Yeah, they do mention the labor movements in the article. I guess I just feel like this has been done so many times before. (What I'd love to see would be a story about a Jewish kid in the south or midwest in the 1870s or earlier. Because there were plenty of Jews there then, and those stories are almost never told.)

There's an anecdote in Joan Nathan's Jewish Cooking in America cookbook about a Jewish Union soldier during the Civil War, who was in a small southern town during Passover, and had almost nothing that he could eat. While walking around town, he noticed a little Jewish boy sitting on a front porch eating matzo, and asked if he could have a piece. The boy ran into the house shouting, "Mama! There's a damn Yankee Jew out here!" The mother came and gave him some food.
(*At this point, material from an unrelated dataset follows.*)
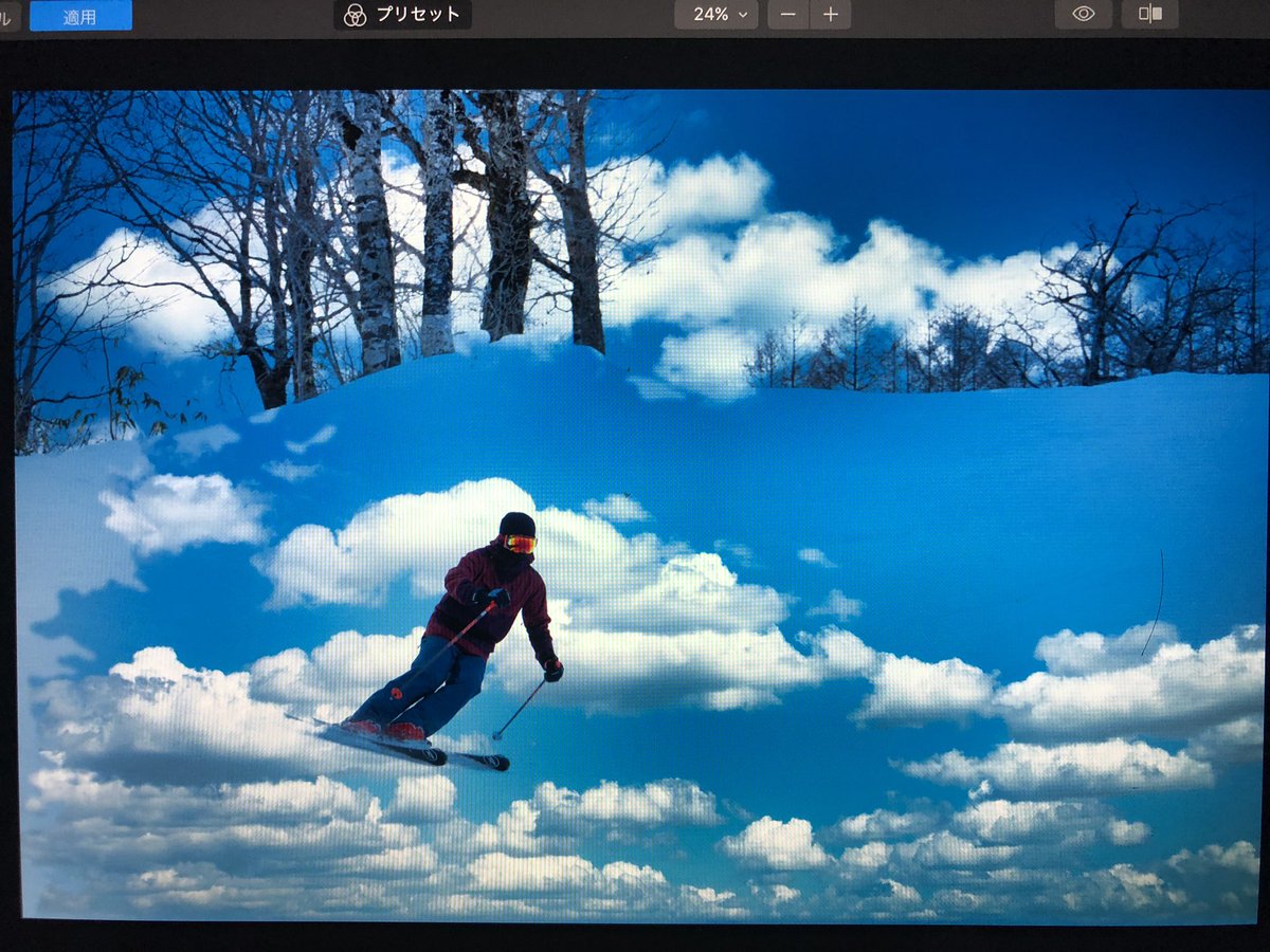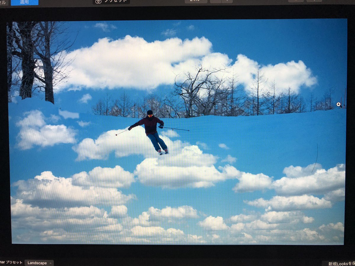 昨日のスキー撮影 曇り空だったからルミナー4の力を借りて空を入れ替えたかったけどさすがに厳しいみたい!!(知ってた) どうにかこうにかすれば境界線認識してくれたりするのかな??

Actually, what I'd love to see, though not necessarily as a children's book, would be something that somehow involved Asser Levy. [link] One of my favorite Jewish American historical figures, and he'd practically never mentioned anywhere.


Barb - May 23, 2009 7:39:47 am PDT #10732 of 30000
“Not dead yet!”

Yeah, I get what you're saying, Hil and you make a great point, however, given they're trying to reach mainstream girls across the U.S., they were probably trying for the largest possible frame of reference rather than something more limited. (Meaning it's far easier to find references to the immigrant Jews in NY in the early 20th century than almost anything else and it sounds as if they stayed away from most of the stereotypes.)

For me, I would have loved to have seen a 1950s Jewish girl growing up on a resort in the Catskills. Imagine the characters she would have encountered there-- all the Borscht Belt comedians that came through.

Or like you said, a Jewish kid in the south-- the congregation that Lewis' family belonged to in Pensacola was one of the oldest in the South, having been established in the 1880s, I believe.

And I remember that anecdote in Jewish Cooking in America-- I love her cookbooks for that reason.